• [Task instructions] When you reach the line that contains "Super Hit Sanvi", begin copying exactly, and continue through the last line of the data; no pictures belong in the copy.
[Data listing Boundary: Start]
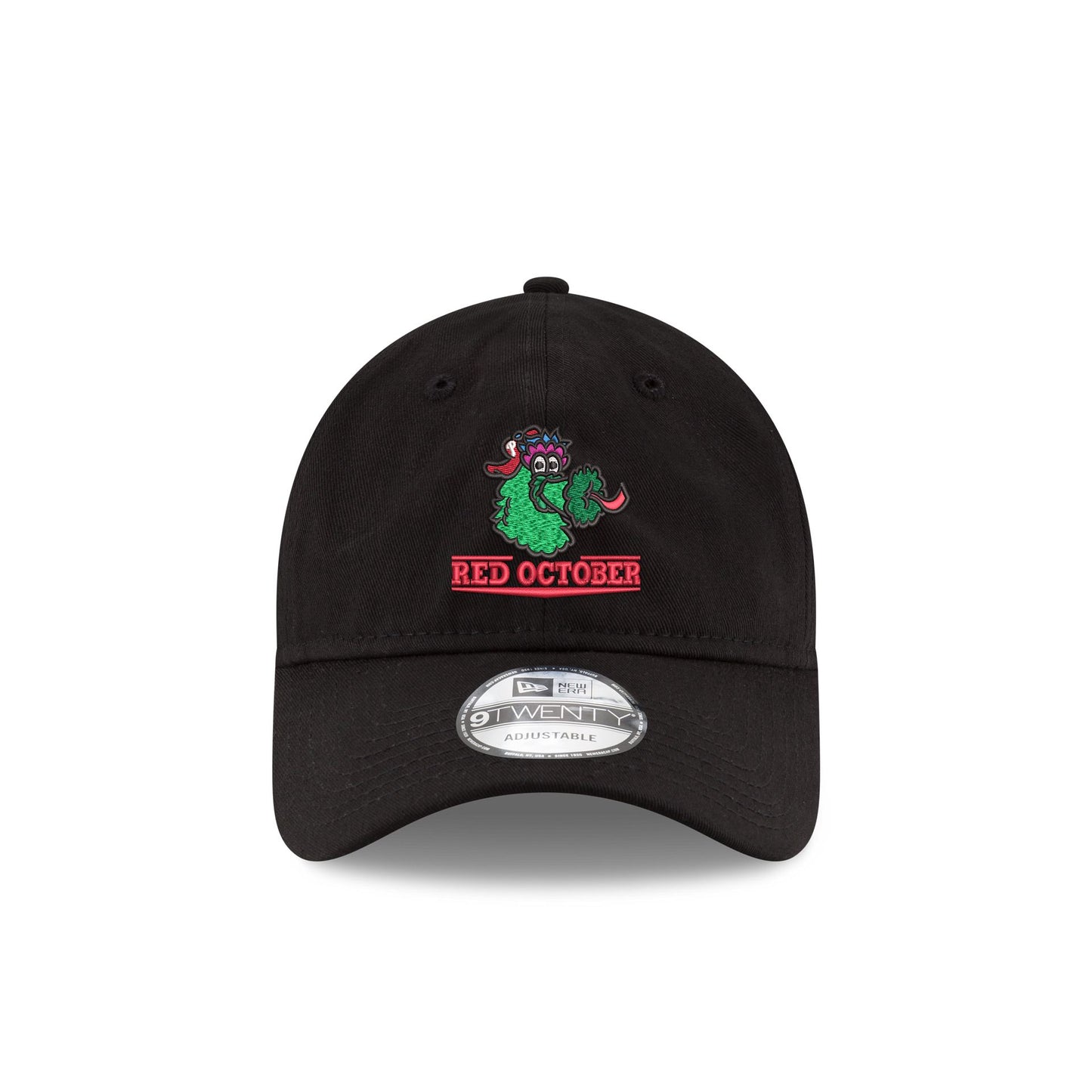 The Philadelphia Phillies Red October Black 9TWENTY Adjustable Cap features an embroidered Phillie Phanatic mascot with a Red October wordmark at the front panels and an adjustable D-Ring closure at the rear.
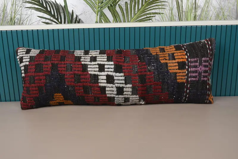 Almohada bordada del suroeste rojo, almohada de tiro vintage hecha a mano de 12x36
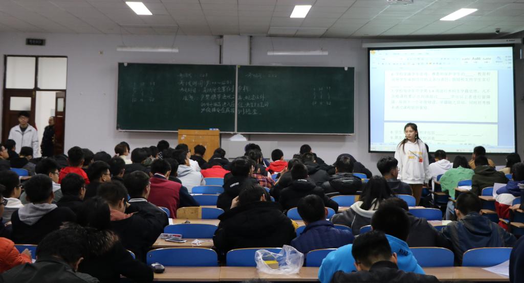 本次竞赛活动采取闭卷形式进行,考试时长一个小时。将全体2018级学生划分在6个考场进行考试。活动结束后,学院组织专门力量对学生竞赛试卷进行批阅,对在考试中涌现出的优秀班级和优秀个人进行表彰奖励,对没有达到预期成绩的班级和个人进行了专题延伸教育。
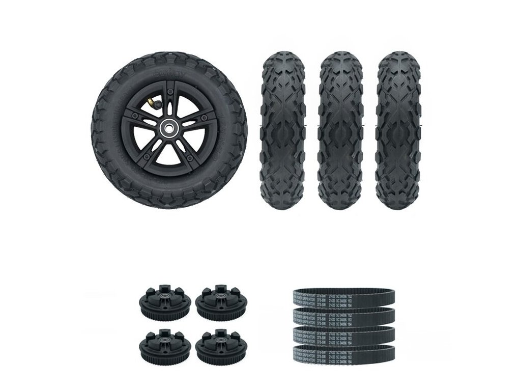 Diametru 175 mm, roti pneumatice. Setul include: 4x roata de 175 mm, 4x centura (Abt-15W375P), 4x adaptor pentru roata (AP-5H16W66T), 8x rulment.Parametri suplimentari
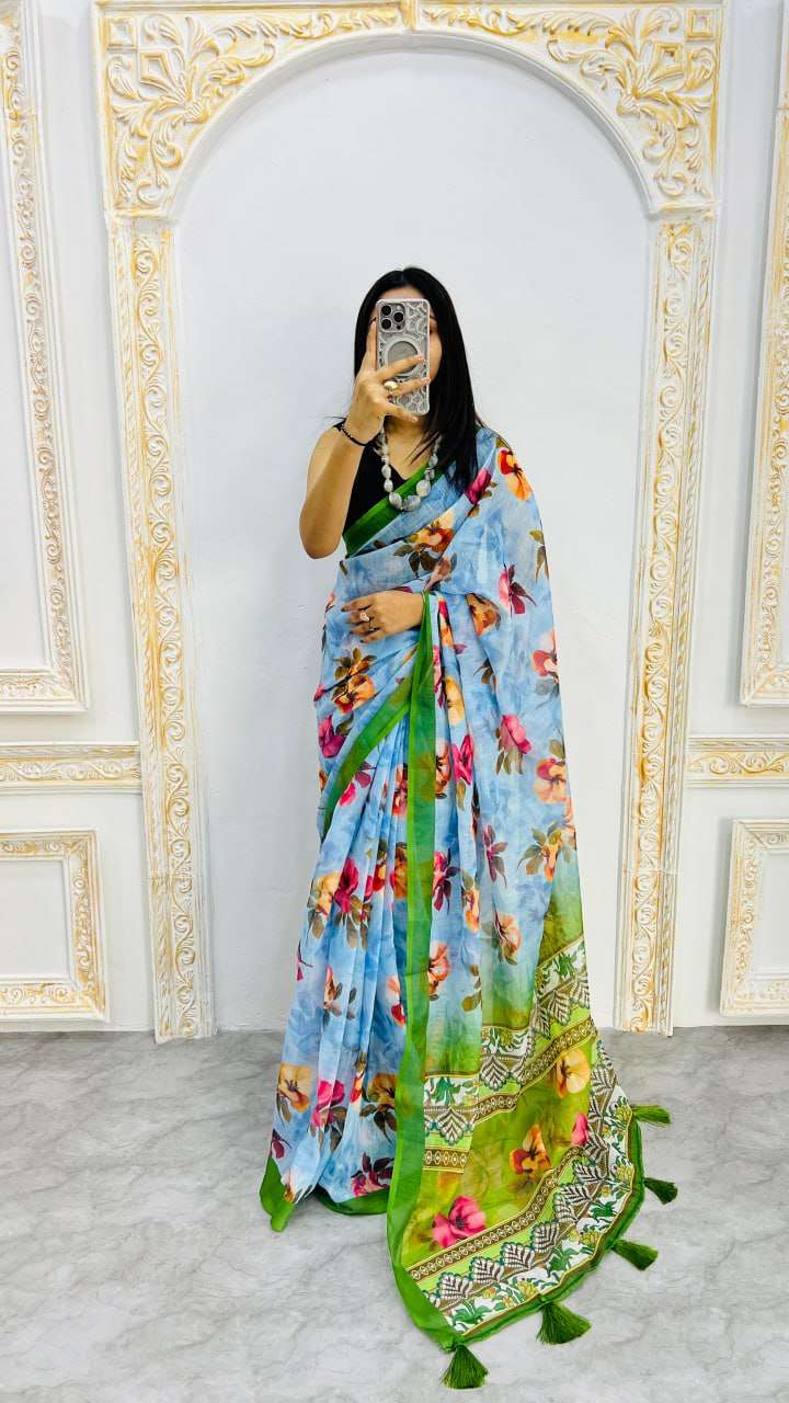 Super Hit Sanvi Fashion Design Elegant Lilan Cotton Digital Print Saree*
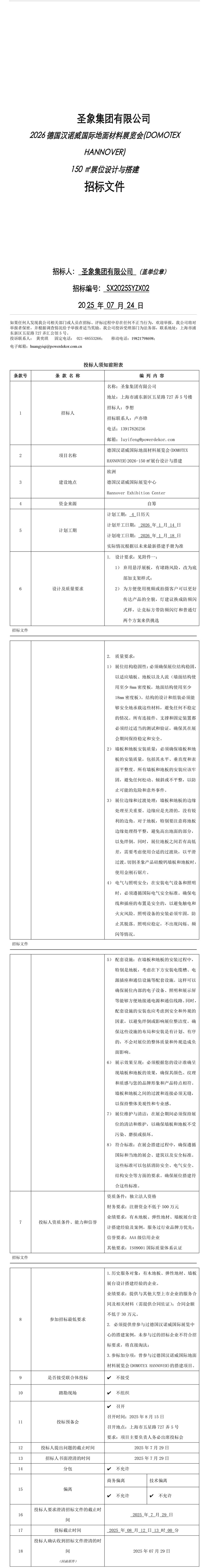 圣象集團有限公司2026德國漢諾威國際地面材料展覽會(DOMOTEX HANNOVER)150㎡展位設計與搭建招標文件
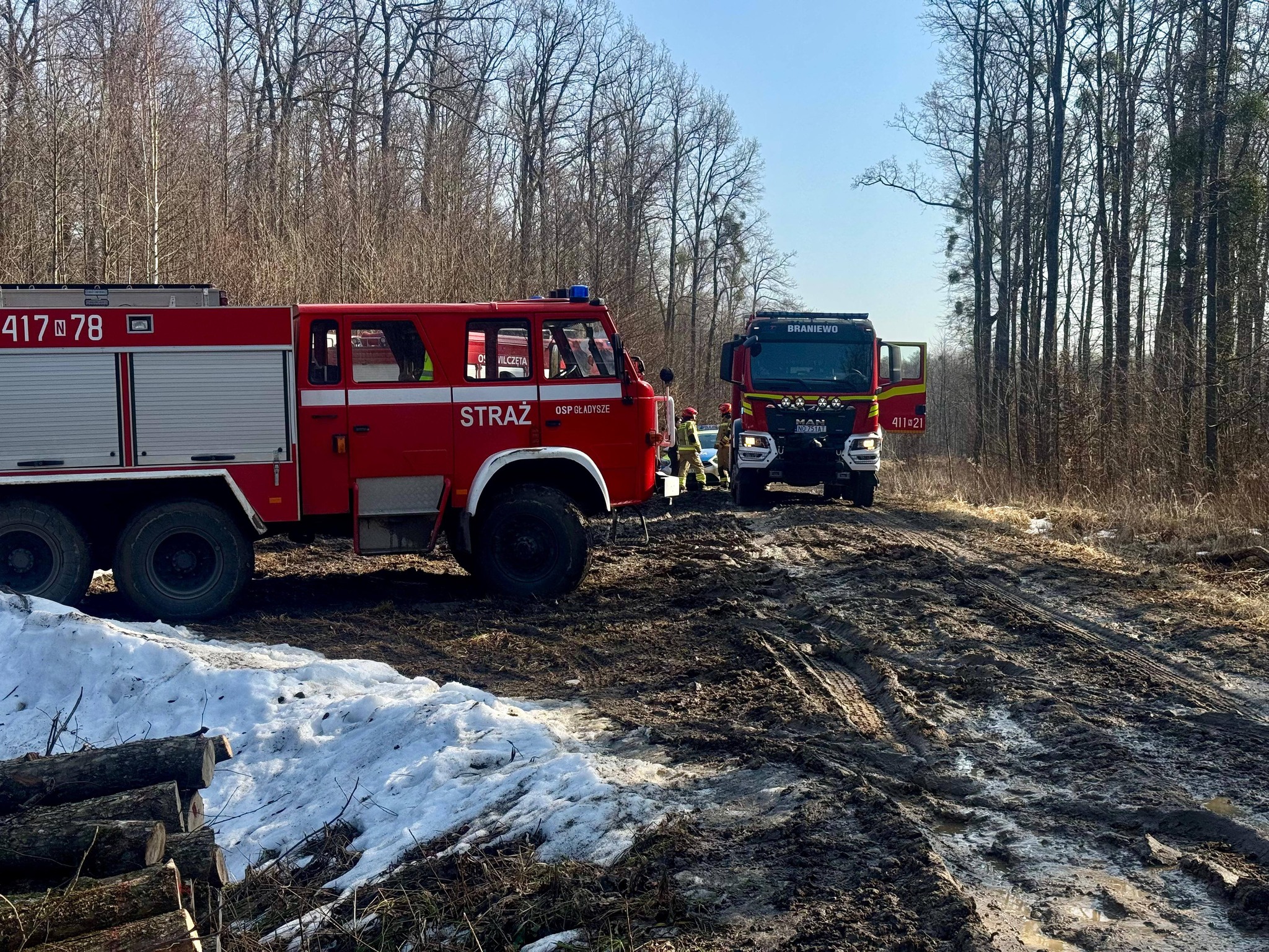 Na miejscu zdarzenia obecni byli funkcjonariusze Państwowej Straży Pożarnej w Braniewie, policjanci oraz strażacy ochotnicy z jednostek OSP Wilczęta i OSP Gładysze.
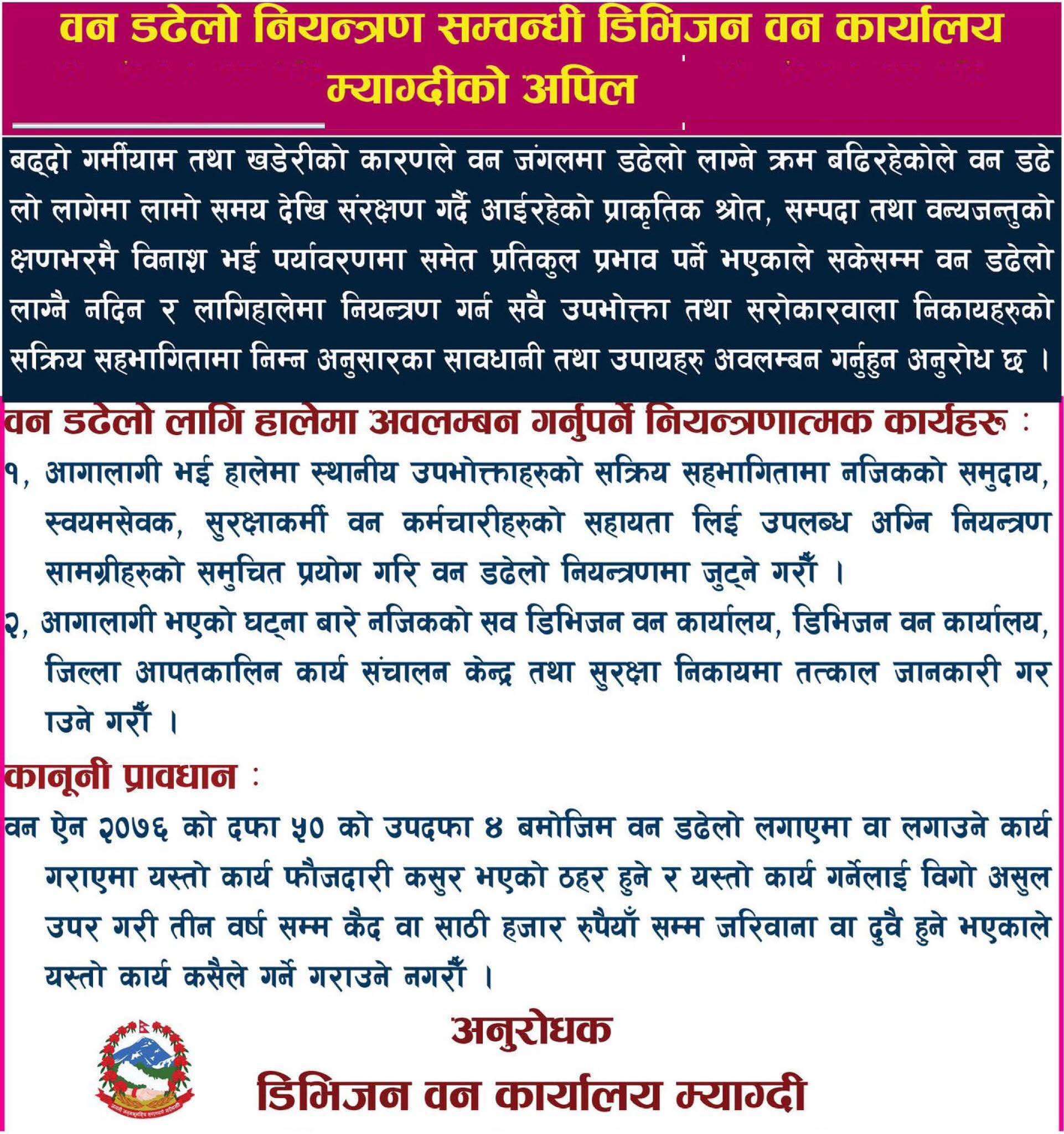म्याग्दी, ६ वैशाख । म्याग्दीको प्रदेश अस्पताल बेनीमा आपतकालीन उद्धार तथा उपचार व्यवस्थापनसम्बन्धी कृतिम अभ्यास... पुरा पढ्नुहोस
[Data listing Boundary: End]
• [Response]
 Super Hit Sanvi Fashion Design Elegant Lilan Cotton Digital Print Saree*
 圣象集團有限公司2026德國漢諾威國際地面材料展覽會(DOMOTEX HANNOVER)150㎡展位設計與搭建招標文件
 Na miejscu zdarzenia obecni byli funkcjonariusze Państwowej Straży Pożarnej w Braniewie, policjanci oraz strażacy ochotnicy z jednostek OSP Wilczęta i OSP Gładysze.
म्याग्दी, ६ वैशाख । म्याग्दीको प्रदेश अस्पताल बेनीमा आपतकालीन उद्धार तथा उपचार व्यवस्थापनसम्बन्धी कृतिम अभ्यास... पुरा पढ्नुहोस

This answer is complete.